The generation of hyper-realistic human images from user-defined conditions, such as text and pose, is meaningful for various applications, including image animation and virtual try-ons. Numerous efforts have been made to explore the task of controllable human image generation. Early methods either relied on variational auto-encoders (VAEs) in a reconstruction manner or improved realism through generative adversarial networks (GANs). Despite the creation of high-quality images by some methods, challenges like unstable training and limited model capacity confined them to small datasets with low diversity.
The recent emergence of diffusion models (DMs) has introduced a new paradigm for realistic synthesis, becoming the predominant architecture in Generative AI. However, exemplar text-to-image (T2I) models like Stable Diffusion and DALL·E 2 still struggle to create human images with coherent anatomy, such as arms, legs, and natural poses. The primary challenge lies in the non-rigid deformations of the human form, requiring structural information that is difficult to depict solely through text prompts.
Recent works, such as ControlNet and T2I-Adapter, have attempted to enable structural control for image generation by introducing a learnable branch to modulate pre-trained DMs, like Stable Diffusion, in a plug-and-play manner. However, these approaches suffer from feature discrepancies between the main and auxiliary branches, resulting in inconsistency between control signals (e.g., pose maps) and generated images. HumanSD proposes directly inputting the body skeleton into the diffusion U-Net through channel-wise concatenation to address this. However, this method is confined to generating artistic-style images with limited diversity. Additionally, human content is synthesized only with pose control, neglecting other crucial structural information like depth maps and surface-normal maps.
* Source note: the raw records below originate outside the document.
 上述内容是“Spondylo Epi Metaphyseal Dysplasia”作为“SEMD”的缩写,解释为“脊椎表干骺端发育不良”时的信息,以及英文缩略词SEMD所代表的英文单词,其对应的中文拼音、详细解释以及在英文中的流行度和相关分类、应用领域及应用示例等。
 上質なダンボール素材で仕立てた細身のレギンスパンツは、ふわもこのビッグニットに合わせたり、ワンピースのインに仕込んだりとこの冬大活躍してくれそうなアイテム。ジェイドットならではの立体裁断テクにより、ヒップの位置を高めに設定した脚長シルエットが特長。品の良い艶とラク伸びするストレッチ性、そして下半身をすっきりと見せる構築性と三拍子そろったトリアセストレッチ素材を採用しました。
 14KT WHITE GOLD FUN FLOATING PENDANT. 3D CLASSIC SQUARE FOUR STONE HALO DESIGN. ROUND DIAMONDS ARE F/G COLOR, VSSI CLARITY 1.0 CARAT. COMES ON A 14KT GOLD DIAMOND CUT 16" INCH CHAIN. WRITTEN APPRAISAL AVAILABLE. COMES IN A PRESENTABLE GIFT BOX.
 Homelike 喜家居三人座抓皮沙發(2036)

The work reported in this article proposes a unified framework, HyperHuman, to generate in-the-wild human images with high realism and diverse layouts. Its overview is illustrated in the figure below.
The key insight is recognizing the inherently structural nature of human images across multiple granularities, from coarse-level body skeletons to fine-grained spatial geometry. Capturing such correlations between explicit appearance and latent structure in one model is essential for generating coherent and natural human images. The paper establishes a large-scale human-centric dataset called HumanVerse, containing 340 million in-the-wild human images with comprehensive annotations. Based on this dataset, two modules are designed for hyper-realistic controllable human image generation: the Latent Structural Diffusion Model and the Structure-Guided Refiner. The former augments the pre-trained diffusion backbone to simultaneously denoise RGB, depth, and normal aspects, ensuring spatial alignment among denoised textures and structures.
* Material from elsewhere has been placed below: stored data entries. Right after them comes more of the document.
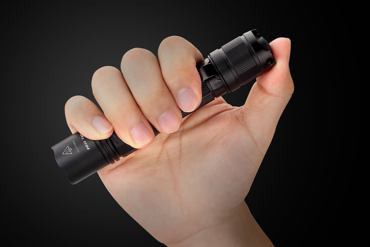 The Fenix PD35 TAC (Tactical Edition) LED Flashlight, remains in its pocket-size form but surpasses the traditional PD35 in performance and tactical employment. Designed with the military and law enforcement professionals in mind, this flashlight is measured at less than 14cm (5.5 inches) long and features up to 1000 lumens in turbo output while throwing its beam a distance up to 200 meters. In Outdoor Mode, the PD35 TAC delivers six output modes including a variable strobe. Switch to the new Tactical Mode to activate rear-switch only operation for fast, simplified mode selection of momentary, turbo, low and strobe. The PD35 TAC is powered by two CR123A or single rechargeable 18650 batteries.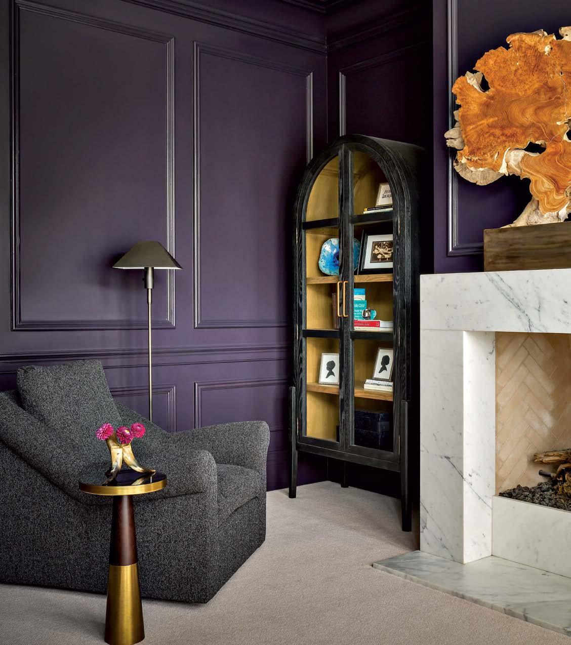 Above: In the primary bedroom, Benjamin Moore’s Tulsa Twilight is highlighted by golden accents, such as the brass base of the Uttermost table and the sculpture above the fireplace. James Dunlop Textiles bouclé on the Ambella Home Collection chair adds warmth.
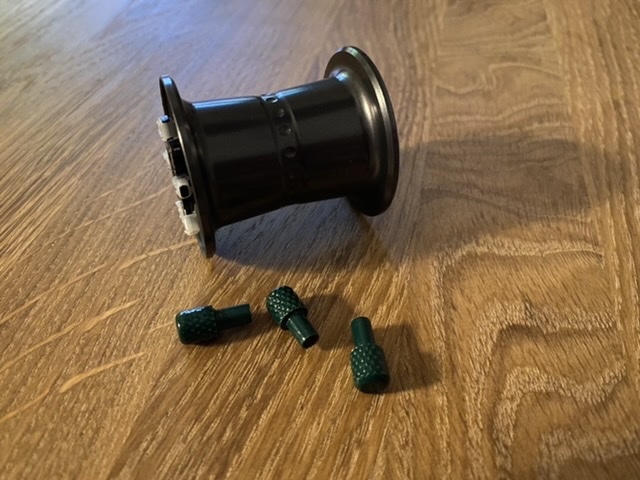 Grönemaljerade skruvar till ambassadeur vevgavel (från blackdogtackle). 60 kr inkl brevfrakt.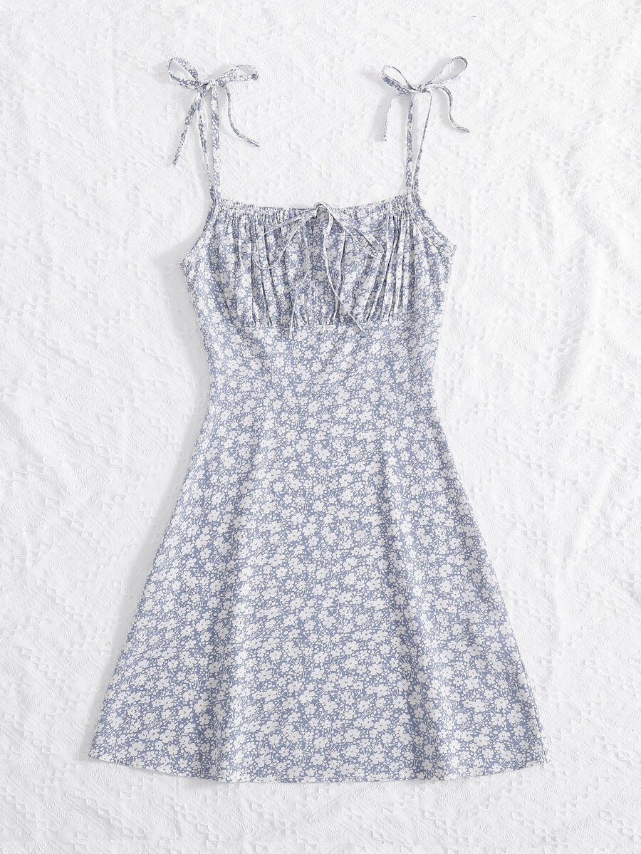 Cami Kleid mit Blümchen Muster, Knoten vorn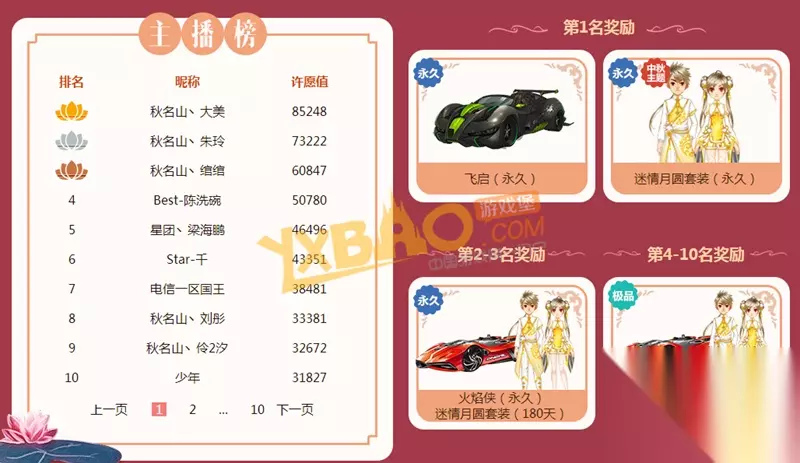 活动说明: 1.活动时间为:9月7日-9月19日。 2.玩家在星光秀场送给主播1个指定道具"天灯/佛/麦克风/旋木”,主播增加1许愿值,玩家增加1财富值。3.活动结束后,主播榜排行榜前十的主播可获得官方提供的许愿大奖。奖励将会在9月20日后,发放给成功上榜的主播! (注:排行榜每半个小时更新一次) 4.活动结束后,财富榜排行榜前十的玩家可获得官方提供的财富大奖。成功上榜的玩家,可在9月20日至9月25日领取财富大礼包! (注:排行榜每半个小时更新一次) 5.活动期间,玩家的累积财富值每达到一定额度,即可领取相应的中秋天灯礼包。(每个礼包单Q限领取一次) 6.本活动一切解释权归QQ飞车所有。 看了上边这篇《QQ飞车》中秋放天灯 许愿赢永久,各位玩家是否都了解相关信息了呢!找精彩好玩手机游戏请浏览233乐园。 如转载涉及版权等问题,请作者与我司联系,我司将在第一时间删除或支付稿酬。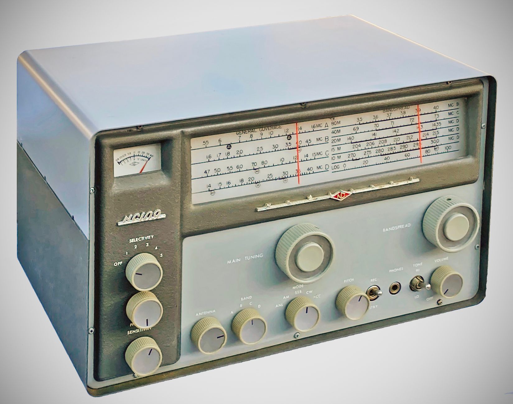 Features include a BFO, ANL, separate RF and AF gain control, BFO pitch, headphone jack, S-meter, antenna trimmer, a bandspread calibrated for the ham bands, two position tone control, mute, standby, and flywheel tuning. Requires external 3.2Ω speaker.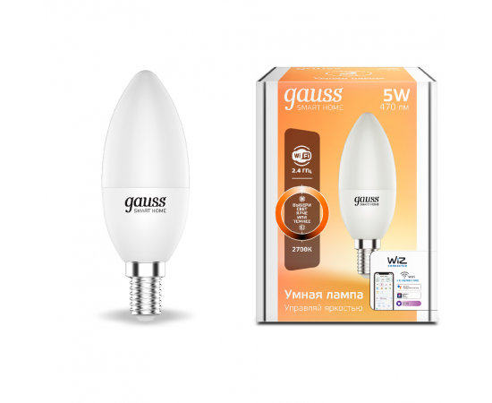 ЛАМПА СВЕТОДИОДНАЯ GAUSS SMART HOME DIM E14 C37 5 ВТ 2700К 1/10/40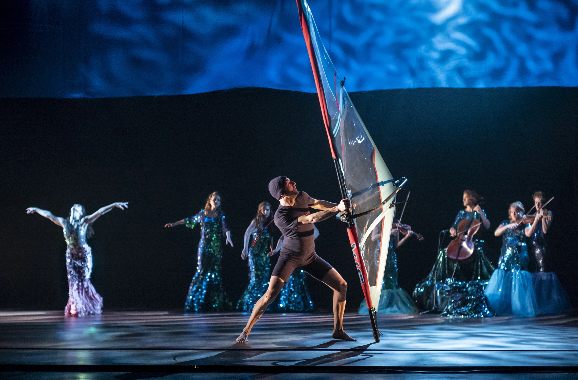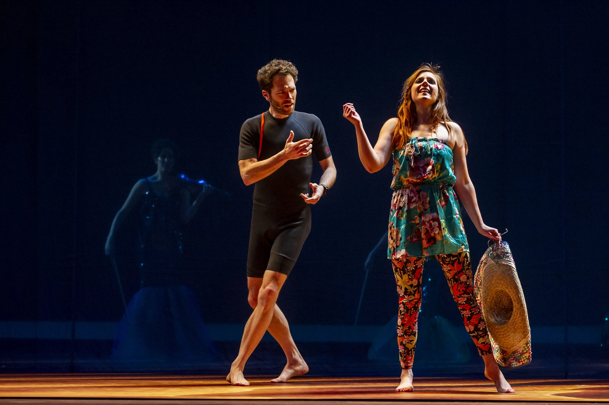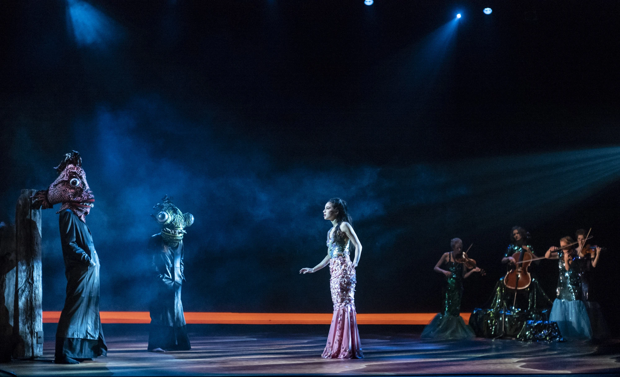 Haaien? Daar klinken die enge krijsviolen uit Jaws. Surfdude in zicht? 'Good Vibrations'! En de samenzang van de zeedochters doet denken aan Wagners Rheingold, waaraan ook de kabbelende klanken van het goed spelende Ragazze Quartet bijdragen. Het kwartet versmelt romig met de stemmen én heeft theatrale meerwaarde. De zangers zingen en acteren met verve en de kwetsbaar-krachtig dansende Jade Stenhuijs is voor de titelrol een vondst.

Due to such meticulous design, the modeling of image appearance, spatial relationships, and geometry occurs collaboratively within a unified network. Each branch complements the others, incorporating both structural awareness and textural richness. An enhanced noise schedule eliminates low-frequency information leakage, ensuring uniform depth and surface-normal values in local regions. Employing the same timestep for each branch enhances learning and facilitates feature fusion. With spatially-aligned structure maps, the Structure-Guided Refiner composes predicted conditions for detailed, high-resolution image generation. Additionally, a robust conditioning scheme is designed to alleviate the impact of error accumulation in the two-stage generation pipeline.
A comparison with state-of-the-art techniques is reported below.
The first 4×4 grid of each row contains the input skeleton, jointly denoised normal, depth, and coarse RGB (512×512) as computed by HyperHuman.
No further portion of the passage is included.